Introduction
Secondary prevention of oesophageal variceal bleeding traditionally relies on combination therapy with non-selective beta-blockers and endoscopic band ligation in patients with cirrhosis. However, patients with hepatocellular carcinoma (HCC) represent a distinct high-risk population with advanced portal hypertension, impaired liver reserve and competing oncologic mortality, raising uncertainty about whether standard variceal prophylaxis strategies provide similar benefit in this setting.
Problem Statement
Although propranolol combined with endoscopic band ligation is widely accepted for secondary prophylaxis of variceal bleeding in cirrhosis, evidence specifically supporting this approach in patients with HCC has been limited. The balance between efficacy, tolerability and survival benefit in patients with advanced liver cancer and portal hypertension remains unclear.
Summary
This randomized trial demonstrates that adding propranolol to endoscopic band ligation does not improve outcomes in patients with HCC undergoing secondary prevention of oesophageal variceal bleeding.
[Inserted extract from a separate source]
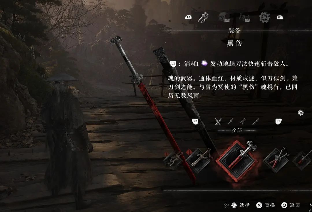 舉個例子,熟悉《影之刃》《雨血》系列的玩家應該有印象,主角有把名為“黑傷”的武器,接近武俠小説裏“倚天劍”“屠龍刀”這種神兵,但在《影之刃零》裏,這把“黑傷”就成了一把平凡的單手劍,沒有什麼特殊性能或者效果。

Rates of early re bleeding, cumulative recurrent bleeding and overall survival were similar between patients treated with combination therapy and those receiving band ligation alone. Importantly, the study population largely consisted of patients with advanced disease and impaired hepatic reserve, reflecting a clinically relevant real-world HCC cohort. Large varices emerged as the primary predictor of recurrent bleeding, emphasizing the dominant role of portal hypertensive severity rather than beta-blocker therapy in determining outcomes. These findings challenge the routine extrapolation of cirrhosis-based secondary prophylaxis strategies to patients with HCC and suggest that the additional use of propranolol may not provide meaningful clinical benefit in this population. The study supports a more individualized approach to variceal management in HCC, particularly in patients with advanced tumor burden and decompensated liver disease.